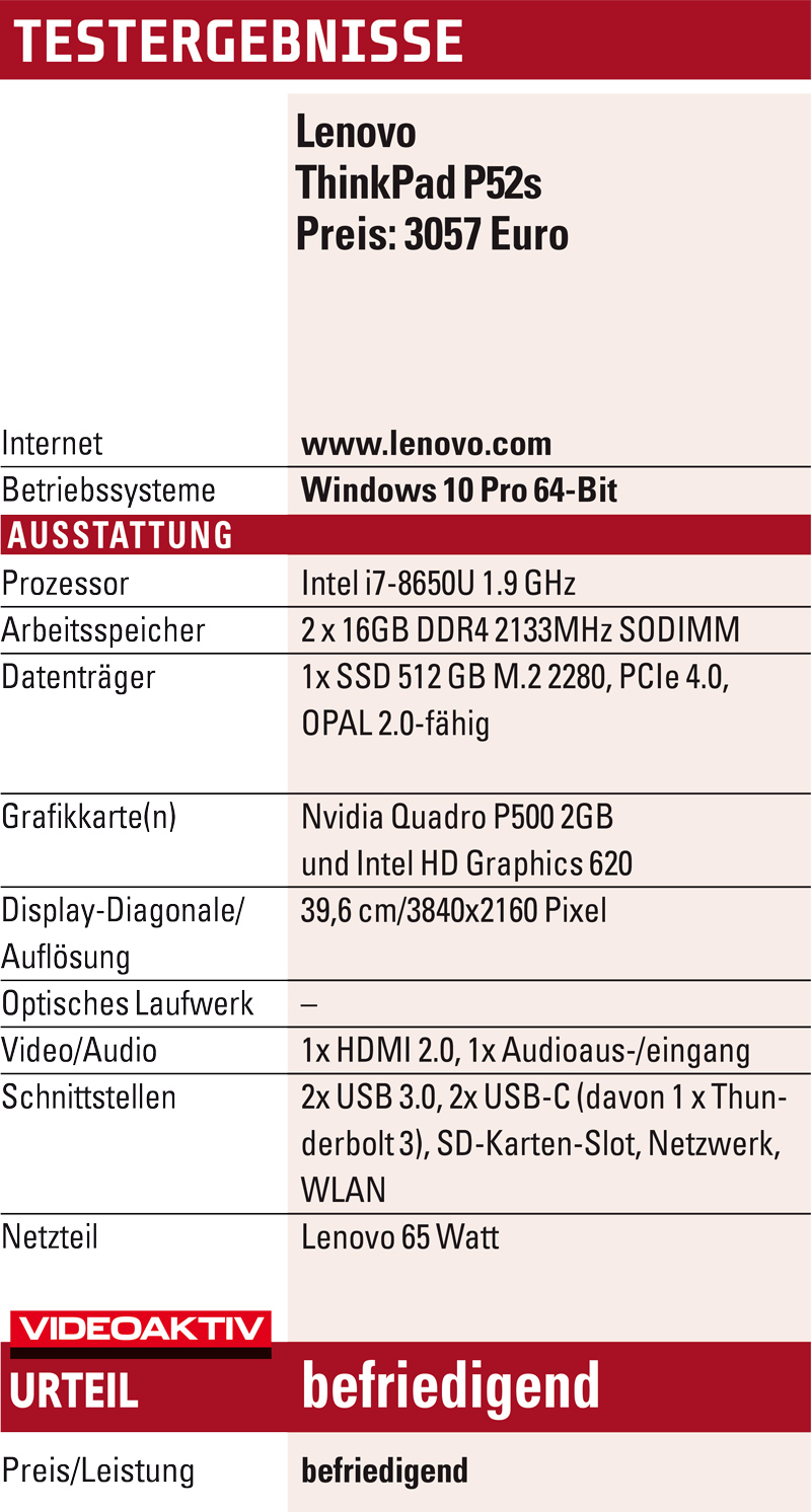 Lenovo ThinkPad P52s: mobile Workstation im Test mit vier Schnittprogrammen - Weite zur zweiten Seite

==

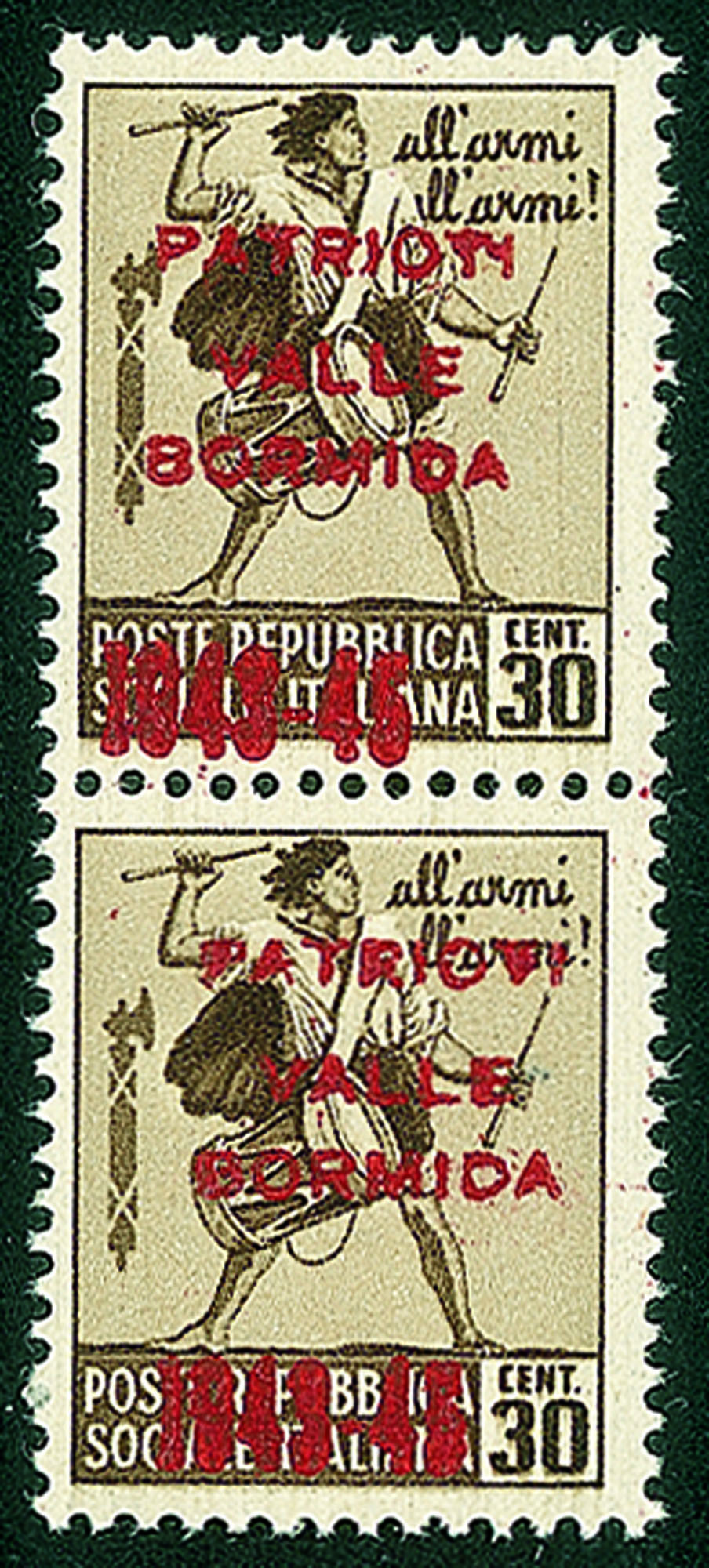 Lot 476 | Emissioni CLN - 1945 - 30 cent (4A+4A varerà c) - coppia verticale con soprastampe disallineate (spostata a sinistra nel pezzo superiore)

* * *

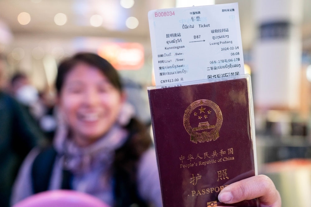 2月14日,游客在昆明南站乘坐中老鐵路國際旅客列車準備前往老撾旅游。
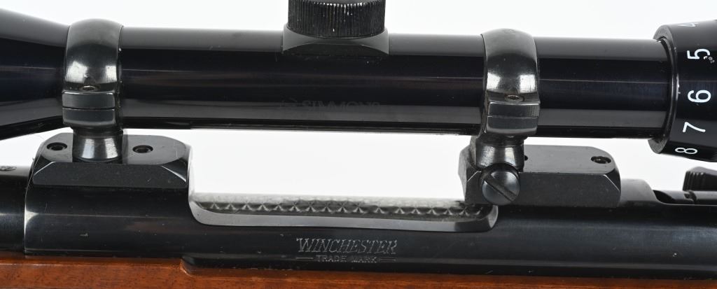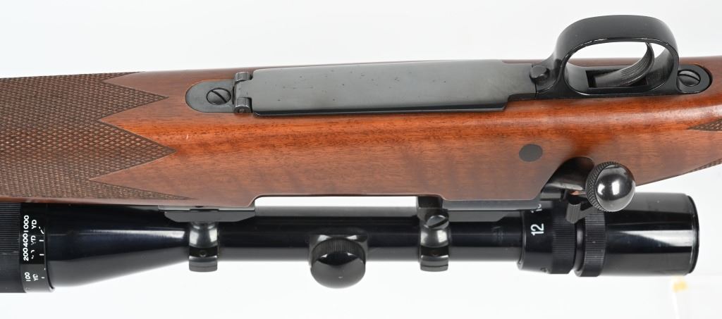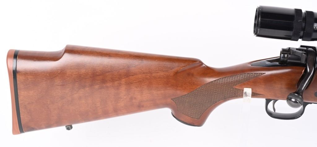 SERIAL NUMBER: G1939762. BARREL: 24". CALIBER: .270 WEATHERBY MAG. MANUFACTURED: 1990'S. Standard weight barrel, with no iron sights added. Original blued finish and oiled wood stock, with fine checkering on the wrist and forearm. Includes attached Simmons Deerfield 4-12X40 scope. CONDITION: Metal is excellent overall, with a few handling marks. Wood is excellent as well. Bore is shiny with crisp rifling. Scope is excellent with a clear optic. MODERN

> **WHAT TO PRODUCE**: From the records above, quote word for word only the lines beginning at the line that has "2月14日,游客在昆明南站乘坐中老鐵路國際旅客列車準備前往老撾旅游。" and stopping after the line that has "SERIAL NUMBER: G1939762.". Omit the pictures.

> **ANSWER BOX**:
 2月14日,游客在昆明南站乘坐中老鐵路國際旅客列車準備前往老撾旅游。
 SERIAL NUMBER: G1939762. BARREL: 24". CALIBER: .270 WEATHERBY MAG. MANUFACTURED: 1990'S. Standard weight barrel, with no iron sights added. Original blued finish and oiled wood stock, with fine checkering on the wrist and forearm. Includes attached Simmons Deerfield 4-12X40 scope. CONDITION: Metal is excellent overall, with a few handling marks. Wood is excellent as well. Bore is shiny with crisp rifling. Scope is excellent with a clear optic. MODERN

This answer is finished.